Maybe to you, happiness is what you receive from helping others, as the old Chinese saying goes?

I just pieced together some thoughts while on the bus home today. I saw this man giving up his seat to an elderly woman. It's quite funny how a gesture like that might seem so common but in reality barely anybody sums up the courage to do it. And of course, this form of courtesy brought about smiles, and naturally a smile from my face too.
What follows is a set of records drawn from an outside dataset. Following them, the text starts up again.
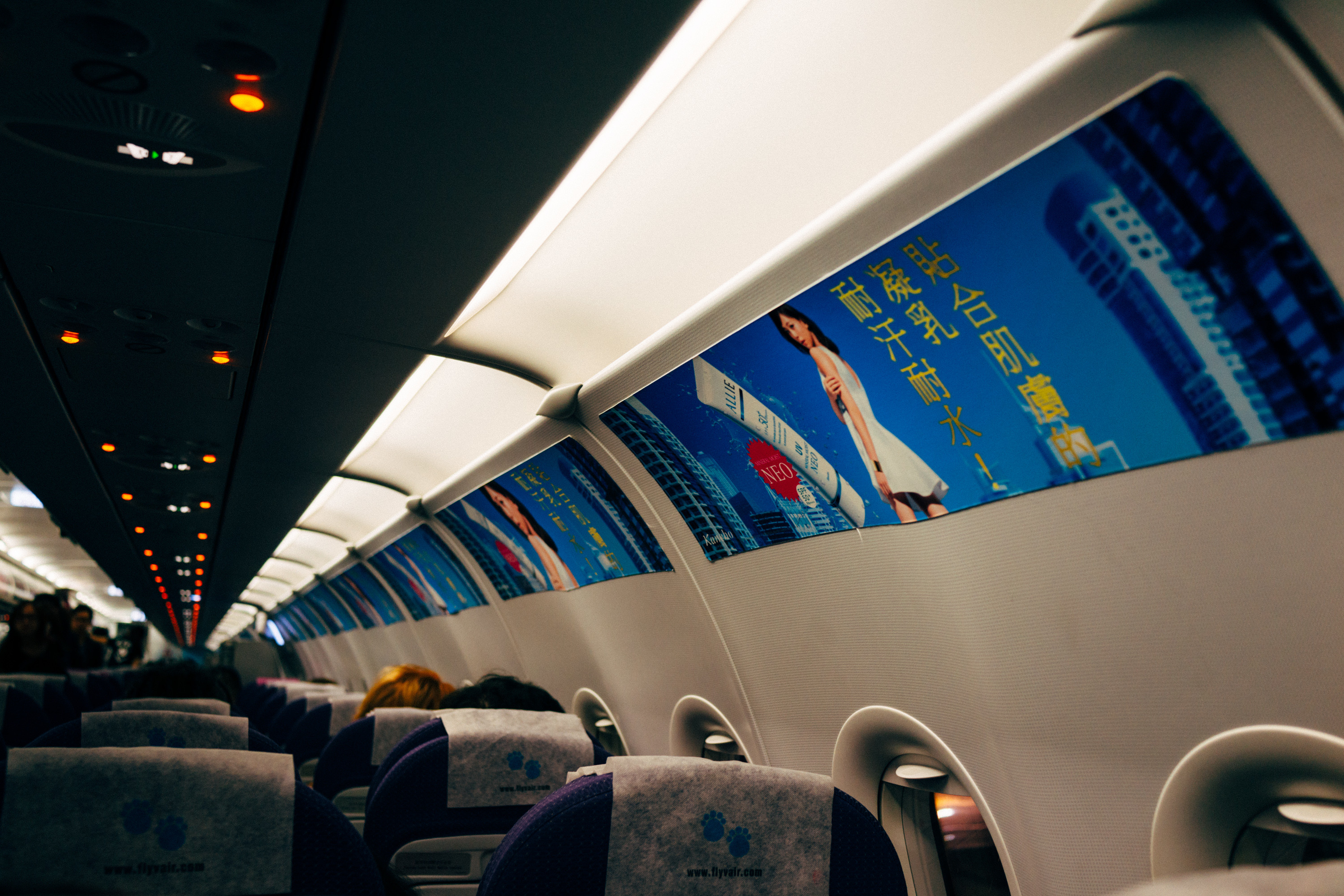 機内では席の狭さに驚くが、窓の上の両側に広告が貼り付けてあるのにも驚く。こういうアイディア勝負の企業努力の姿勢は結構好き。CAの人たちは若くて、いい意味で台湾っぽいゆるさがある。こればかりは乗ってみて体験してみてもらいたいのだが、出発前のアナウンス含めて楽しい。
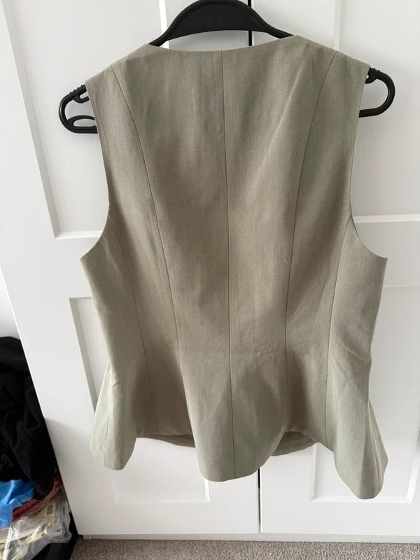 The ASOS Peplum Waistcoat in Khaki is available in sizes M.
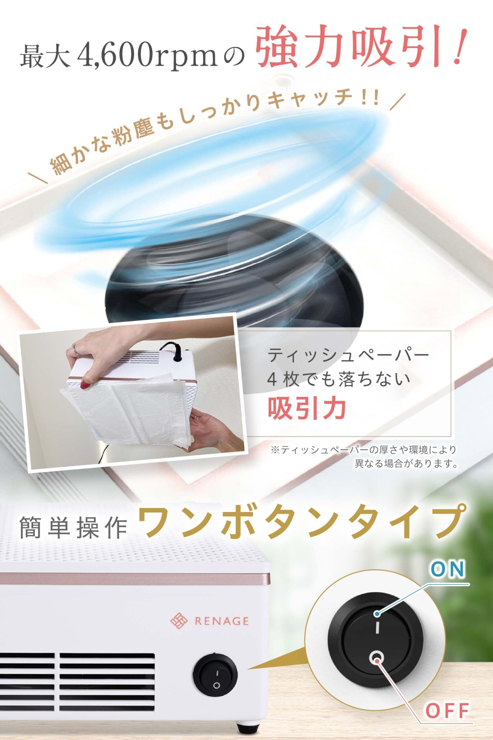 【数量限定】ネイル 集塵機 ネイルダスト クリーナー 人気YouTuber監修 RENAGE ネイルオフ 卓上集塵機 ネイルマシン ジェルネイル セルフネイル 4600rpm フィルター付き (ホワイト) | カウカウ物販
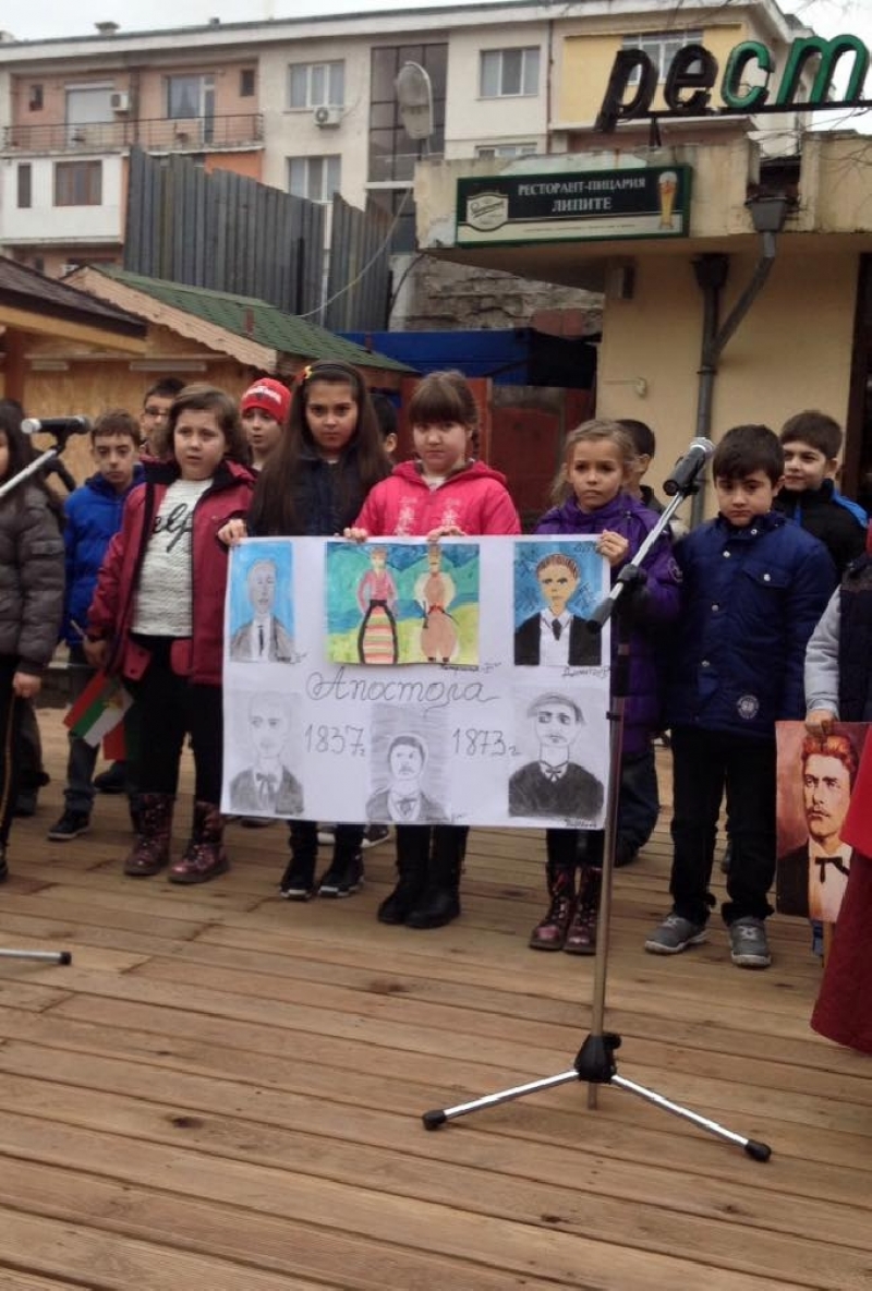 По-късно, в градинката пред базара, децата от 2а, 2б, 2в и 3а клас рецитираха стихотворения, пяха революционни песни и направиха драматизации, свързани с живота на Левски.
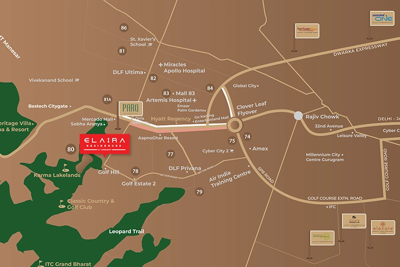 Conscient Elaira Residences Sector 80 Gurgaon is strategically located near NH-8, SPR, and Dwarka Expressway, offering quick access to major corporate hubs, schools, hospitals, and entertainment zones for convenient family living.
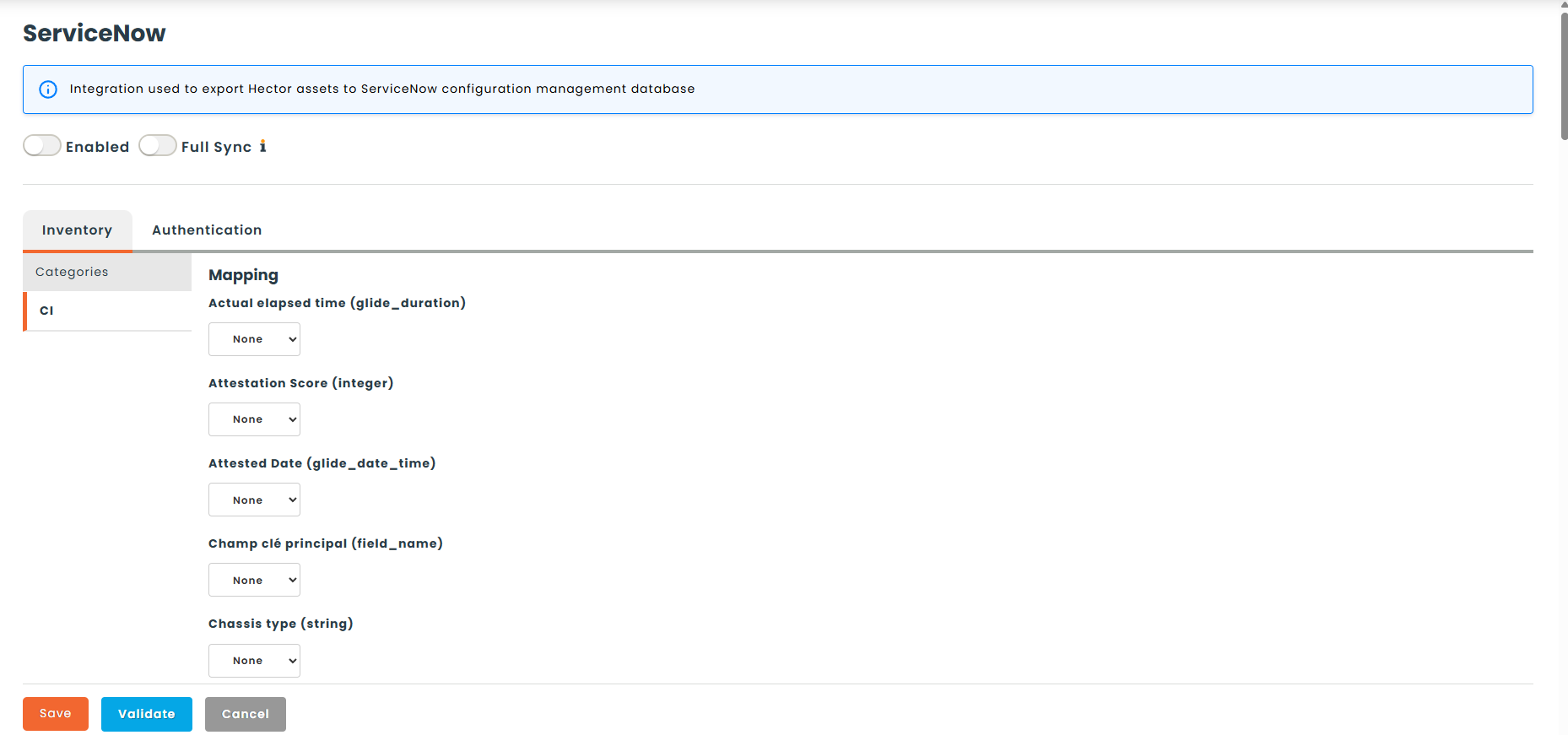 Once you have saved at least one category mapping, the CI Fields sub-tab becomes available. This step is optional but recommended if you want to push additional Hector data into ServiceNow Configuration Items beyond the base asset fields.
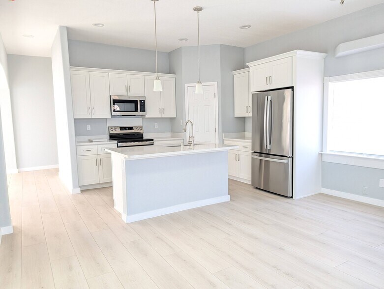 Discover this beautifully updated 2-bedroom, 2-bathroom rental, offering a bright and spacious open-concept living area with soaring high ceilings. The kitchen boasts a convenient island, perfect for entertaining or casual meals.
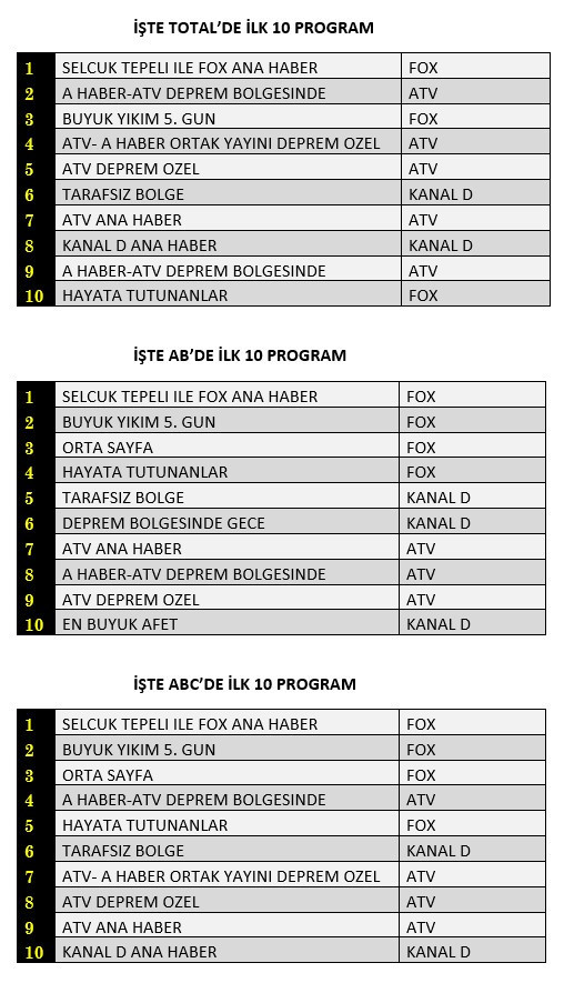 Total'de 1.sırada “Selçuk Tepeli İle Fox Ana Haber”, 2. sırada “A Haber-Atv Deprem Bölgesinde”, 3.sırada Fox TV’de yayınlanan “Büyük Yıkım 5. Gün” yer aldı.
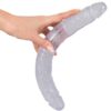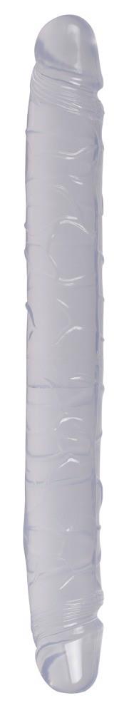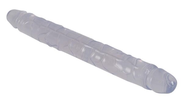 Kryształowe podwójne dildo Crystal Clear z charakterystycznymi żyłkami i wypukłą żołędzią na każdym końcu. Do jednoczesnej stymulacji pochwy i odbytu – lub lubieżnej zabawy dla dwojga.
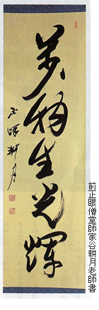 Everything of the world is brilliant by oneself. It is not a kind of an illusion coming out of during single night. "Everything" is not only the thing which is a plus for oneself and a convenient thing. A bad thing of the thing circumstances that are a minus is included for oneself. If you try to stand in ground of realization of Zen, you will surely understand that it is right. Not to mention a thing and the matter that you contact with close, everything of this space is brilliant. |
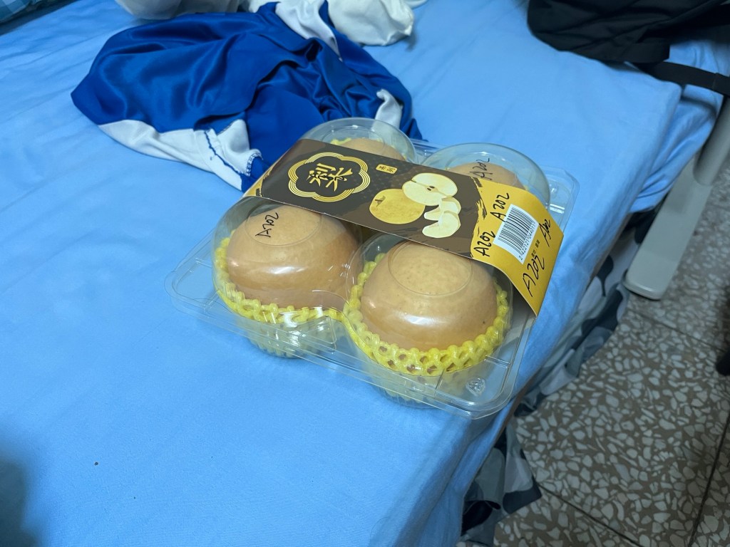 Im Dormzimmer gammeln die anderen mal wieder rum; auch wenn ich es täglich sehe, komme ich darauf immer noch nicht klar. Sky zieht wenigstens los, um sich endlich Medizin zu holen, denn er fühlt sich wieder schlechter. Außerdem: Früchte. Er erzählt das aber so, als dass man Vitamine nur dann bräuchte, wenn man krank ist. Die vier Birnen, die er sich geholt hat, sind wirklich gottlos eingepackt, selbst für hiesige Verhältnisse. „I prefer pear over apple, because it has more water and more sweet.“ Natürlich, haha.
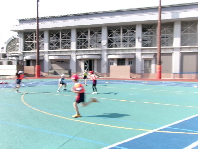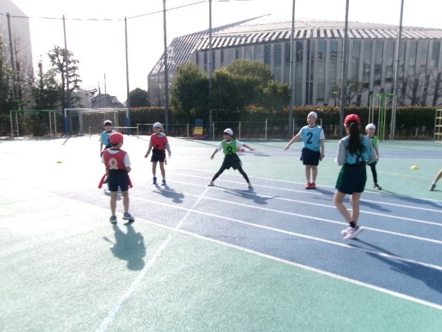 フラッグフットボールの前段階の運動として、ボールを宝に見立ててたから運び鬼のようなゲームで体をほぐします。とは言え、運動量はたっぷりです。
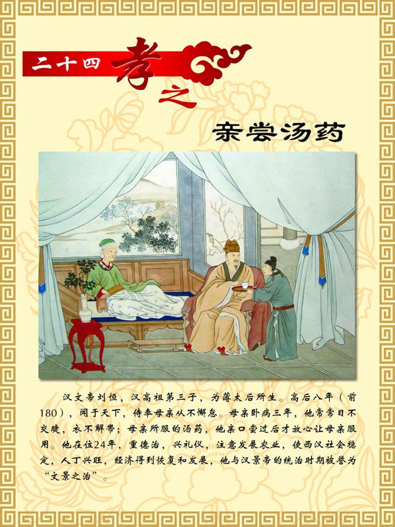 汉文帝刘恒,汉高祖第四子,为薄太后所生。高后八年(前180年)即帝位。他以仁孝之名,闻于天下,侍奉母亲从不懈怠。母亲卧病三年,他常常目不交睫,衣不解带;母亲所服的汤药,他亲口尝过后才放心让母亲服用。他在位24年,重德治,兴礼仪,注意发展农业,使西汉社会稳定,人丁兴旺,经济得到恢复和发展,他与汉景帝的统治时期被誉为"文景之治"。
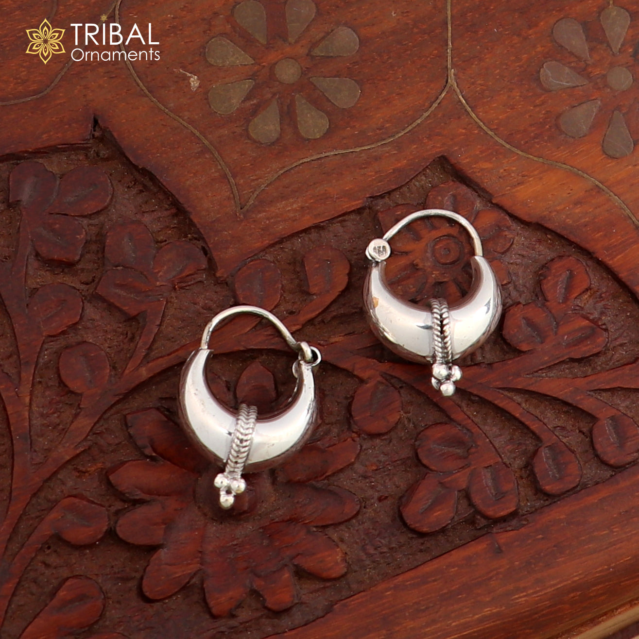 925 sterling silver Handmade vintage ethnic style hoops earrings Kundal unisex tribal stylish unique Bali jewelry from India ear1223

It's funny how you find that you don't find happiness, happiness finds you.

Saturday, May 2, 2009

Benjamin the Cynical Donkey

"Animalism. All animals are equal. Bah! All nonsense. Look at them. Just months ago they were ranting about 'Four legs good,two legs bad'. Now? 'Four legs good, two legs better!' So much for the rebellion, and equality! Pigs were not meant to stand on their hind legs. They were not meant to write. What more, not meant to communicate to human beings! This was all a bad idea in the first place. Old Major and his 'spectacular' vision. Blind, all of them! They couldn't see it; Old Major over-simplified and narrow-minded dream would have lead to their eventual demise! Look at those sickening pigs. Drinking heartily, gambling gleefully away, and yet they once spoke of 'No animal shall drink alcohol'. Sigh..their twisted lust for power has lead this farm into an bottomless pit of trouble. Expulsion took place. Animals were killed by other animals. Boxer's gone. What's next? Will these men and these vicious dogs slaughter us slowly, one by one? Would they rip out our throats, just like what the dogs had done to the naive and gullible 'traitors'? I dread the day that becomes reality, however it is imminent. After these power-struggles, these lies and deceits, these displays of corruption, anything is possible, how ever wrongful it is to the principals of the ridiculous maxim of 'All animals are equal'."